Topic modeling technique becomes an effective tool to have in order to uncover hidden semantic structures behind the articles. The intuition behind this approach is to find clusters/topics based on the distribution of words occuring together across the documents(articles in this case). This really goes a step further to understand the context behind the articles.

I used TF-IDF vectorizer for the LDA to find this distribution of words as I discussed earlier why count vectorizer approach might lead to unsatisfactory results.

Result: The 10 topics found using the approach gives us interesting insights. Certain topics clearly indicate a particular idea. for example topic 1 includes word distributions from the mental

health world. topic 4 includes keywords pertaining to sleep cycle of humans and topic 6 focuses on cancer study of women working late night shifts. This really gives us information on how articles over the last few years have dominated the fitness industry.

Part 2 [Designing Recommender System approaches]

A recommender system in this context would help find similarity in articles to engage readers based on their historical reading preferences and when combined with user data, similar users could be considered for suggesting a collaborative filtering setup to provide recommendations.

Approach 1 [Bag of Word Approach to find similarity in articles]

An euclidean similarity score using pairwise distances between the features of the articles are used to design this recommender approach. So if an article contains words like World Cup, then other articles on World cup would be recommended to the reader.

The analysis shows how same word usage in the articles are found effectively by this approach.

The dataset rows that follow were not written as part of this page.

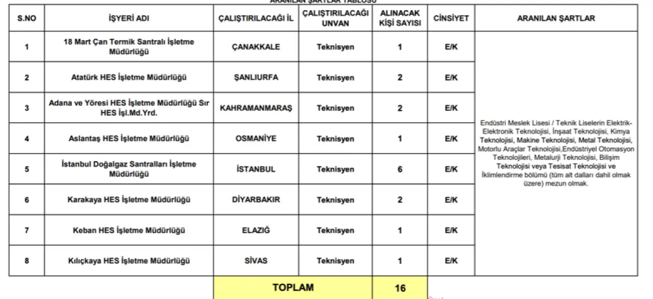 16 Teknisyen ( Eski Hükümlü / TMY )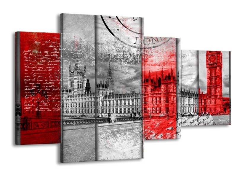 Glasschilderij Engeland, London | Grijs, Rood, Zwart | 120x75cm 4Luik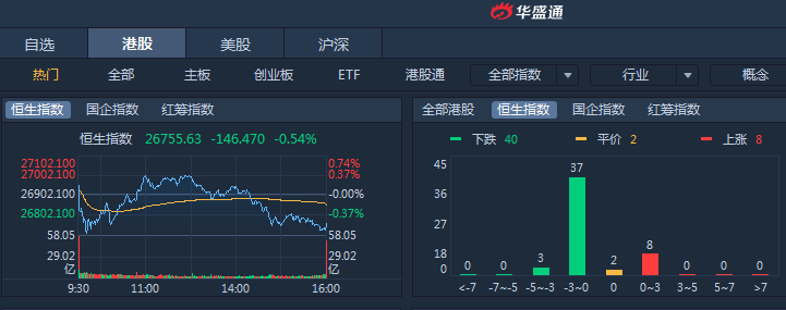 昨日恒指早盘高开0.19%,午后走弱。截至收盘,恒生指数跌0.54%报26755.63点,全日成交额达974.03亿。国企指数跌0.41%报10512.15点,红筹指数跌1.16%报4287点。涨幅前三的为电子消费品、重型机械股及殡葬服务板块,分别涨3.38%、2.25%及1.9%。跌幅前三的为电池、酒精饮料及地产开发商,分别跌5.05%、3.52%及3.45%。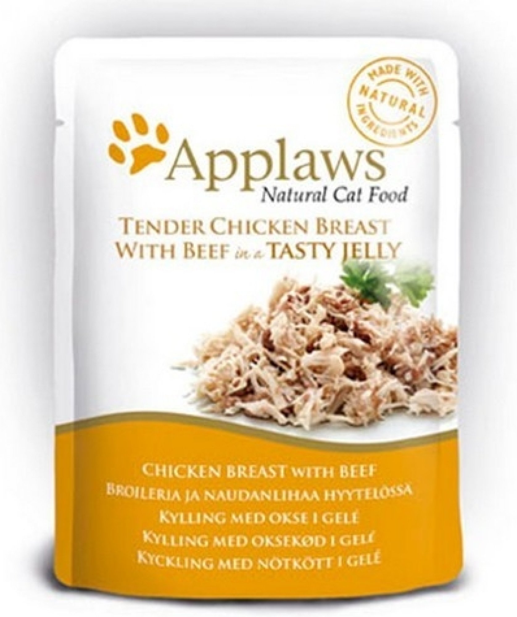 Applaws kapsička kuřecí prsa a hovězí v aspiku. Applaws JELLY - kapsičky pro kočky plné masa v lákavém aspiku.  Doplňkové krmivo pro dospělé kočky z čistě přírodních surovin.  Základem je 55 % masa z kuřecích prsou nebo 55 % masa z tuňáka v celých kouscích a vybraná masíčka pro atraktivní chuť a pro... celý popis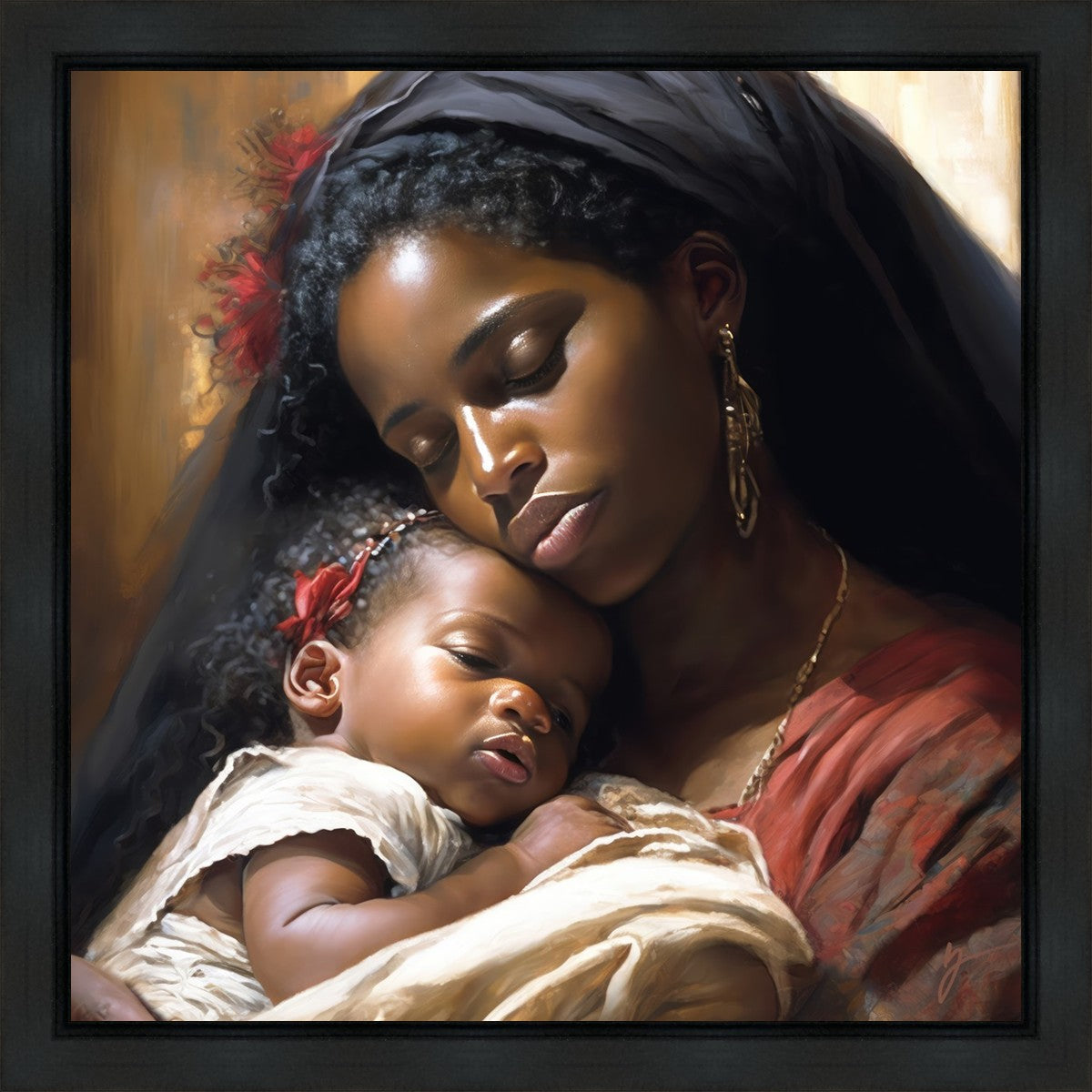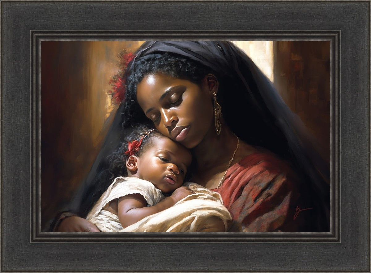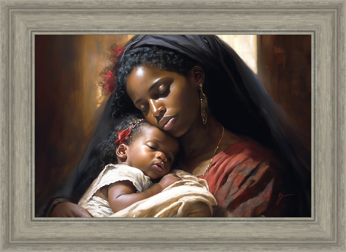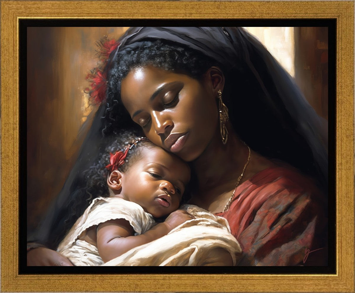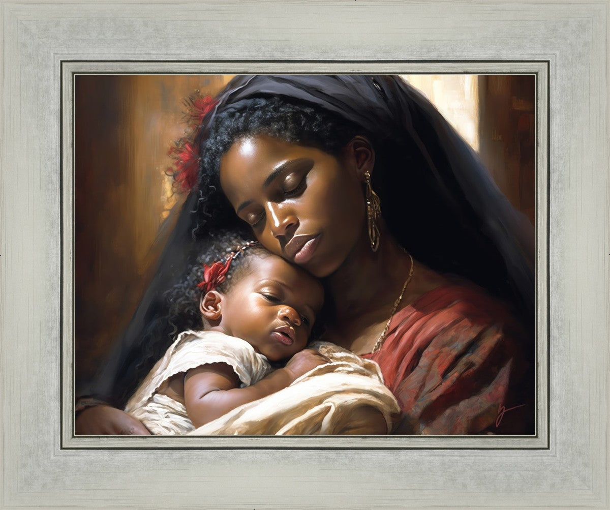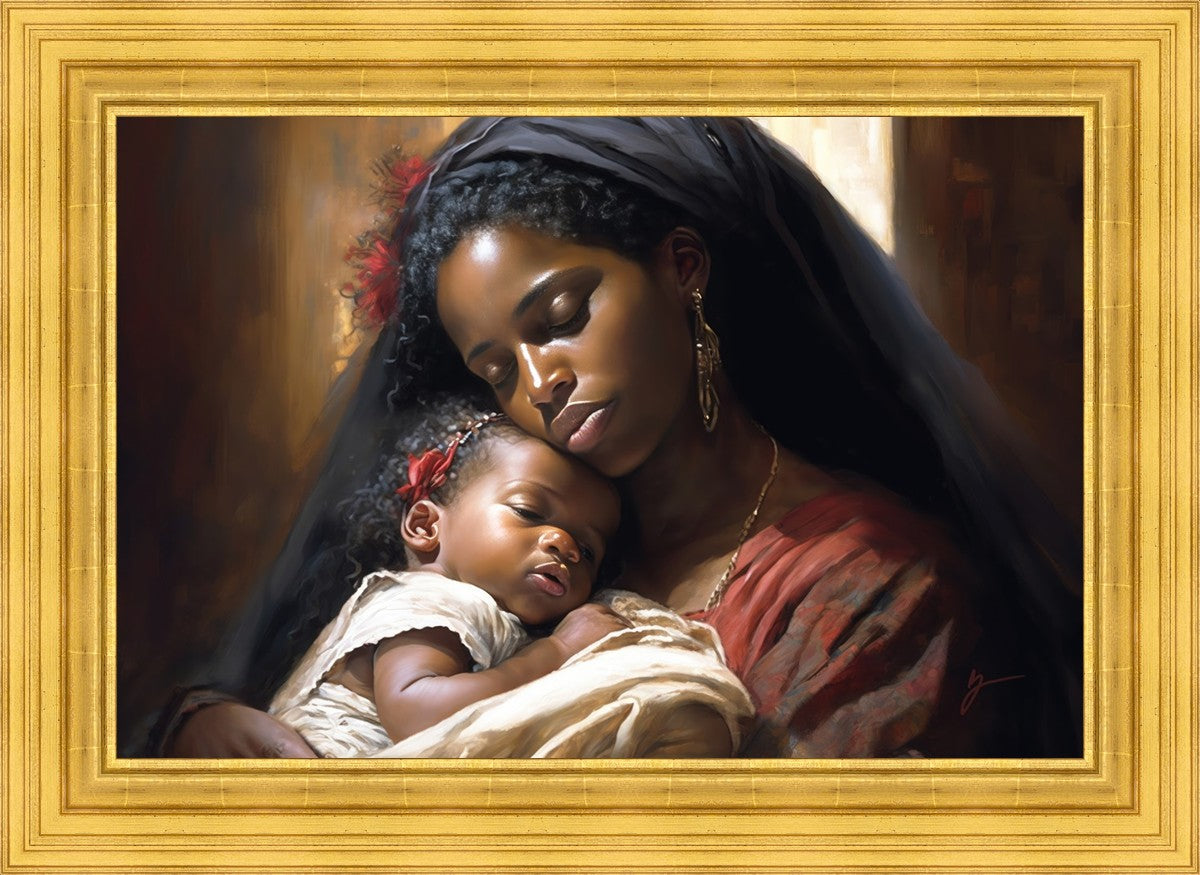 Sanctuary of Love" is a stunning painting that captures the beauty and tenderness of motherhood. In this artwork, a young mother holds her precious baby close to her chest, enveloping them both in a warm and protective embrace. The mother's eyes are closed, and a serene smile graces her face as she cherishes this moment with her child.

However, one limitation here is the lack of diversity in the articles. Here since all the recommended articles have World Cup in it, the articles might be recommended from the same news category, most likely Sports in this case.

Approach 2 [TF-IDF to recommend articles based on context and not just frequent words]

To overcome the above stated challenge, this recommender system approach finds context in various articles to group them together. So now the articles are being judged based on an euclidean similarity score on basis of TF-IDF score. This allows for recommendations from cross categories of news articles.

To illustrate this, the results show us that the same article on World Cup now recommends us articles from Entertainment tag with focus on Netflix since an artist who performed in that World Cup is coming out with a Netflix show. So this is more powerful and diverse recommendation to the reader because even if the reader is a sports fan, he might be interested to read about this exciting new sports based netflix show.

Summary

So through the project, I have discovered few fitness industry trends and got some insights which are challenging to observe given the large volume of data we consume from digital media these days. For simplicity and less bias, all the articles are from one source. Also, I use some recommender system approaches which could be handy to engage the audience/readers to their preferred choices. Instead of them scrolling to find interesting material, the recommender system can help them navigate effectively to offer personalized content. However, there could be other important aspects to consider such as the time of article publication, the author writing the articles etc.

Further works: I would like to incorporate Twitter data along with more recent articles to get more quality data to perform further trend analysis. Also for recommender system, the emerging deep learning based methods would be used to effectively extract more hidden semantics behind the articles.